宿根アスターは別名「孔雀アスター」とも呼ばれる、アスター属の植物です。一方、アスターはカリステフス属であるため、名前も分類も異なります。

なお、さまざまな花の形の品種をもつアスターと比べると、宿根アスターの花はフラットなものが目立ちます。

開花時期で区別する

アスターは6月頃から開花が始まり、お盆の時期が見頃です。宿根アスターが咲く頃には花が終わっています。宿根アスターは8~11月頃に開花し、秋の風景を彩ります。

一年草と多年草で比較する

アスターは一年草ですが、宿根アスターは「宿根草」に該当します。宿根草は多年草と混同されがちですが、特徴的な違いは球根です。宿根草は冬になると葉や茎を枯らしますが、地中の球根は無事です。

春になり暖かくなると、球根の栄養をもとに再び成長を始めます。宿根草の栽培では、冬に宿根草の球根を掘り上げる場合もあれば、埋めたままにする場合もあります。

アスターの切り花を長持ちさせるコツ

仏花の切り花

アスターの花を花瓶に活ける際は、水質と茎の先端を清潔に保ちましょう。毎日水を交換し、容器を洗います。水替えの際には、傷んだ茎を切り戻してください。

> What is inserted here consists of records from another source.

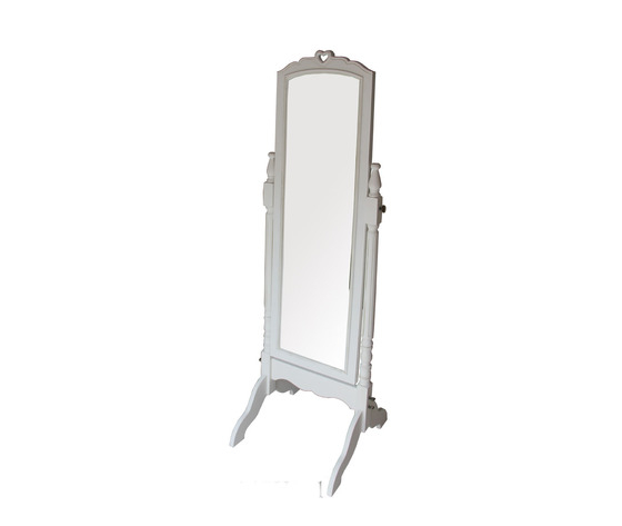 Specchiera da terra bianca in legno con inclinazione regolabile. Stile shabby chic.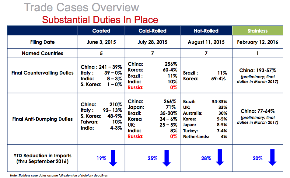 A short list of some recent U.S. trade case wins in the steel industry. Image source: AK Steel
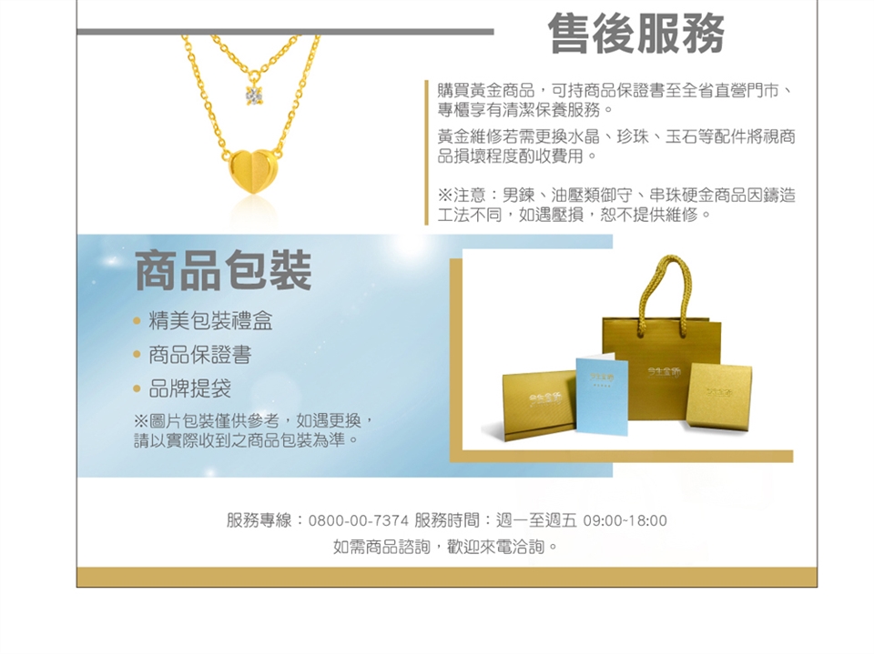 黃金具有延展、可塑性高的材質,如:做家事、游泳、泡溫泉等休閒活動,建議先取下,待活動結束時再配戴,以維持商品狀態。

切り口の弱った部分がなくなると、水を吸い上げる力も回復します。栄養の行き渡りにも配慮しましょう。不要な葉やつぼみを切り落とすと、残された花と葉に栄養が回り、切り花が長持ちします。

また、切り花は風が直接当たらない場所に飾ってください。

アスターの花で気をつけたい病害虫

アスターの花で気を付ける害虫の1つ、アブラムシ

アスターの花が咲く夏は、植物が病害虫に悩まれやすい時期でもあります。気をつけたい病害虫を紹介します。

立ち枯れ病

立ち枯れ病とは、黄色や赤色のカビが生え、やがて株全体が壊死する病気です。立ち枯れ病は高温多湿の状態が続くと発生するため、水やりの頻度に注意して管理しましょう。

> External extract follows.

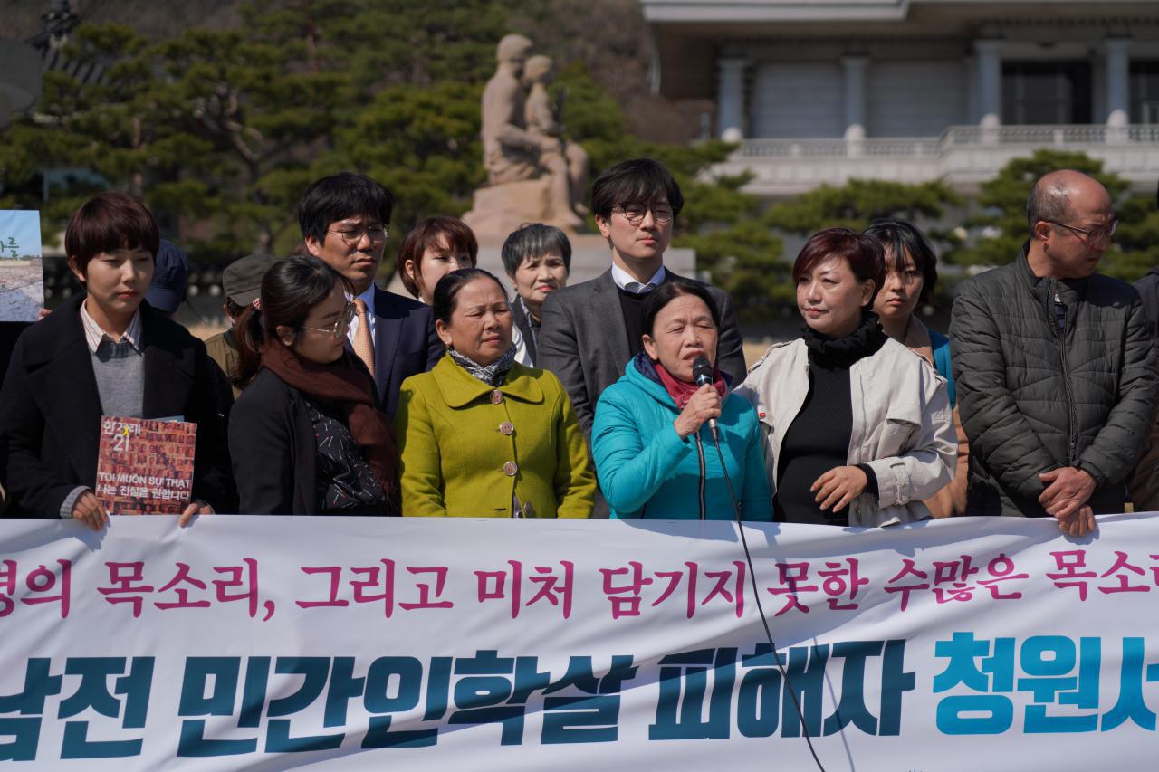 4번 사진: 베트남 피해자 103인 청원서 제출 기자회견에서 발언하고 있는 응우옌티탄

病気の発生を見つけたら、薬剤で処理するか、病気の部位を切除して対応します。

害虫

アスターが被害を受けやすい害虫は、以下のとおりです。

  • アブラムシ
  • ハモグリバエ
  • シンクイムシ
  • ヨトウムシ
  • ウリバエ

害虫は、食害をもたらし、病原菌を広めるなど厄介な存在です。見つけしだい取り除くか、薬剤で処理しましょう。

アスターの花は連作に不向き

スコップで土を掘る手

連作とは、同じ場所で、同じ種類の植物を立て続けに育てる行為です。連作は、土の栄養分が偏り、病原菌の蓄積が懸念されるため避けましょう。

アスターは、連作による悪影響が出やすい植物です。同じ場所にアスターを植える場合は、最低3年は間をあけてください。

アスターの花言葉

深い愛情でつながる手

アスターは花の色で花言葉が異なります。たとえば、赤は「変化を求める」、青は「信頼」や「心配」、紫は「深い愛情」や「幸せな恋愛」などの花言葉があります。

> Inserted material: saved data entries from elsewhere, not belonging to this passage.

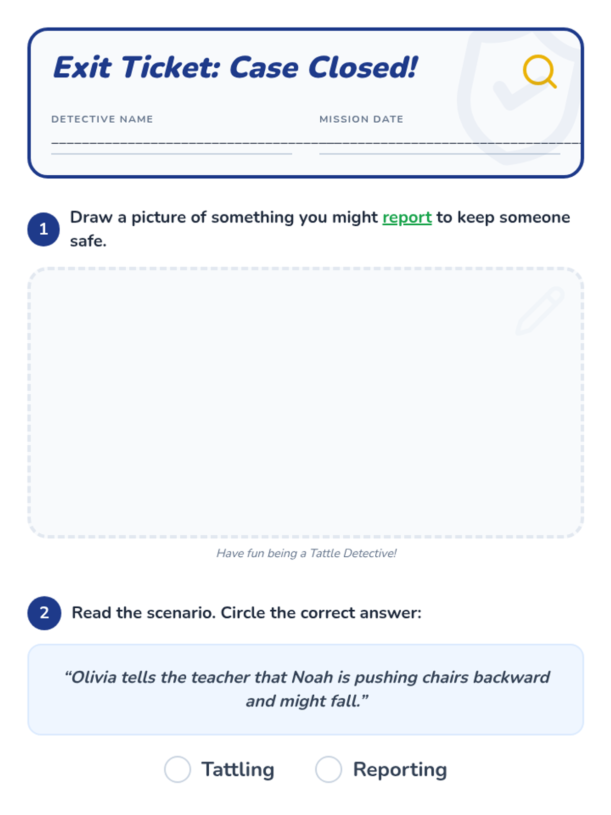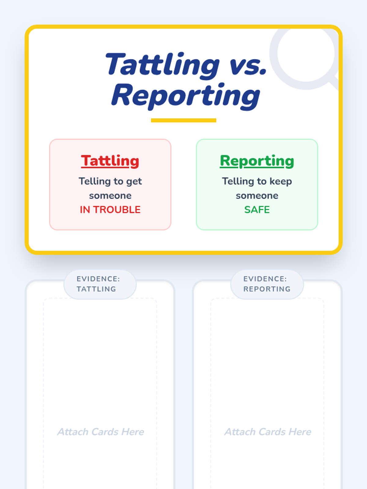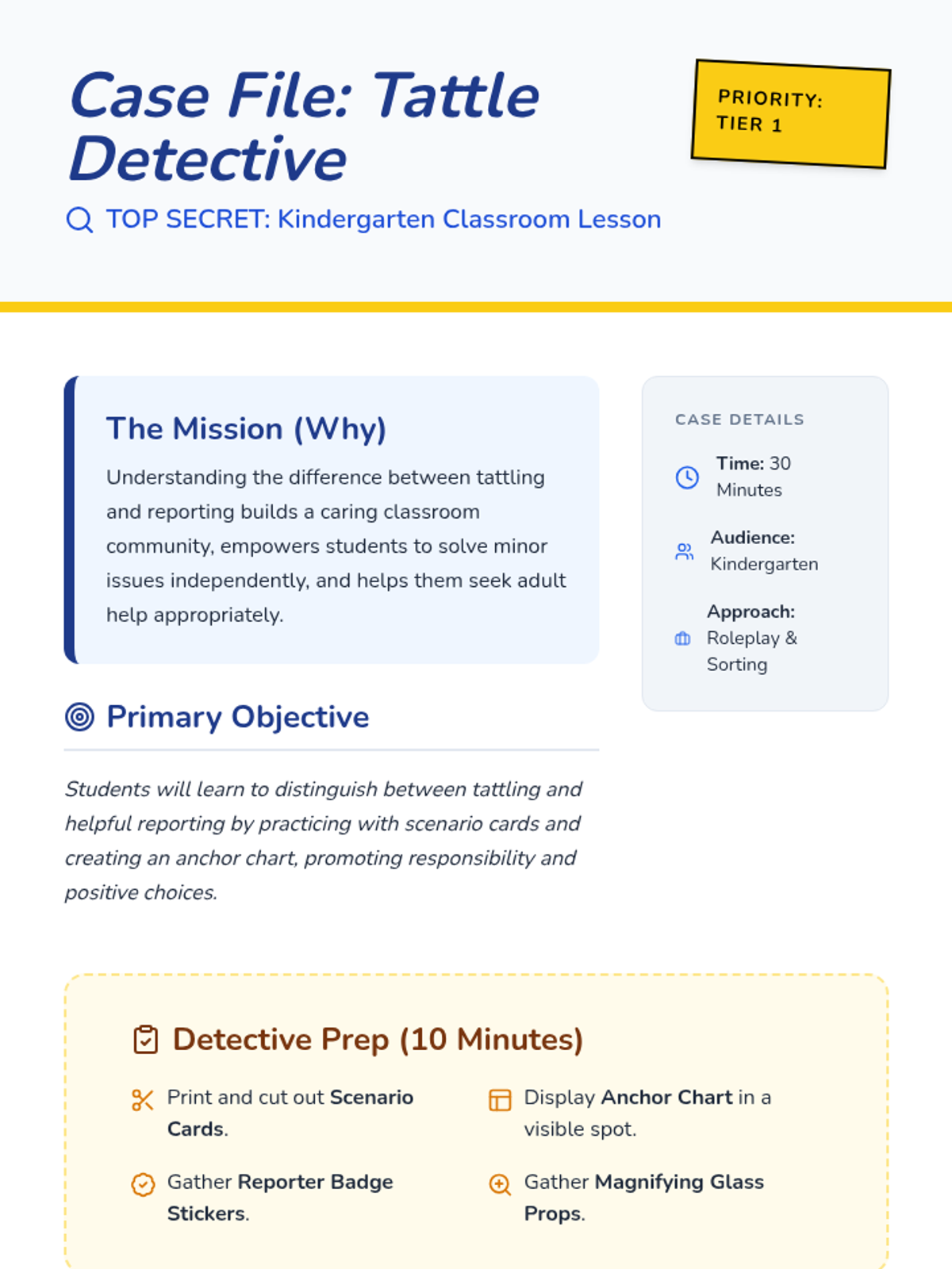 In this engaging 30-minute lesson, kindergartners learn the difference between tattling and reporting helpfully. Through interactive activities and a fun detective theme, students practice making positive choices. This Tier 1 classroom lesson builds community and encourages responsibility.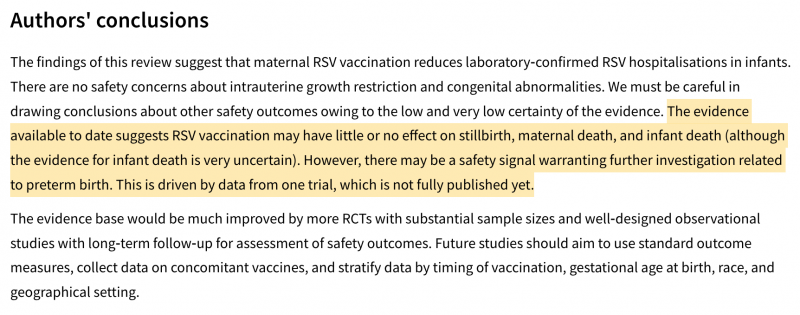 die Autoren halten das Risikosignal für eine mögliche Erhöhung des Frühgeburtsrisikos durch die Impfung für möglich und fordern hier mit Nachdruck mehr, größere und bessere Studien. Die bisherigen Daten (und damit die Impfempfehlung) beruhen auf einer einzigen Studie, deren Ergebnisse nicht einmal vollständig veröffentlicht sind.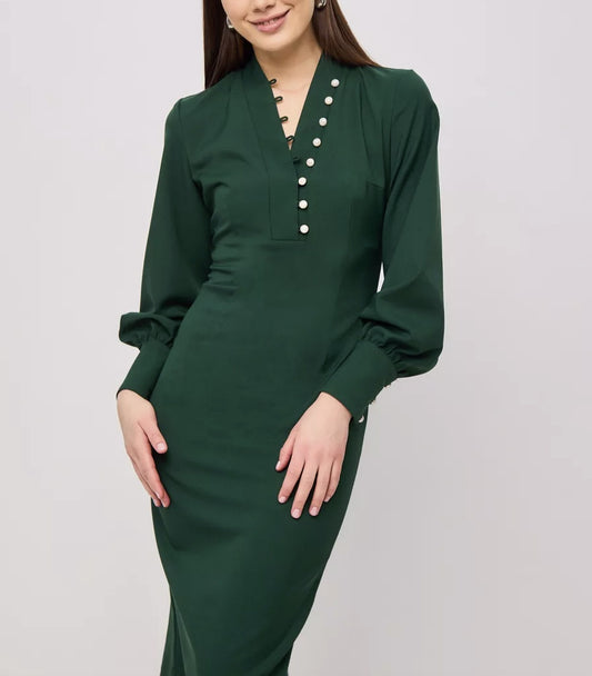 Damen elegantes Kleid mit Puffärmeln und Perlenknopfen Stalluxe

アスターは恋占いに使われることが多く、花言葉にも恋愛に関するものが多い傾向です。

まとめ

仏花として飾られることの多いアスターですが、可憐な花はフラワーアレンジメントや寄せ植えにもおすすめです。よく日差しの当たる場所を選び、水やりの頻度に気をつけて育てましょう。切り花を長持ちさせるには、雑菌の繁殖と栄養バランスがポイントです。

カインズオンラインショップは、ホームセンター売上No.1で、オリジナル商品や、アスターの栽培に役立つガーデニング用品・園芸用品・土・肥料・ホースの取り扱いが豊富です。

また、アイテムはボタン一つでそろいます。カインズオンラインショップについては、こちらからご覧ください。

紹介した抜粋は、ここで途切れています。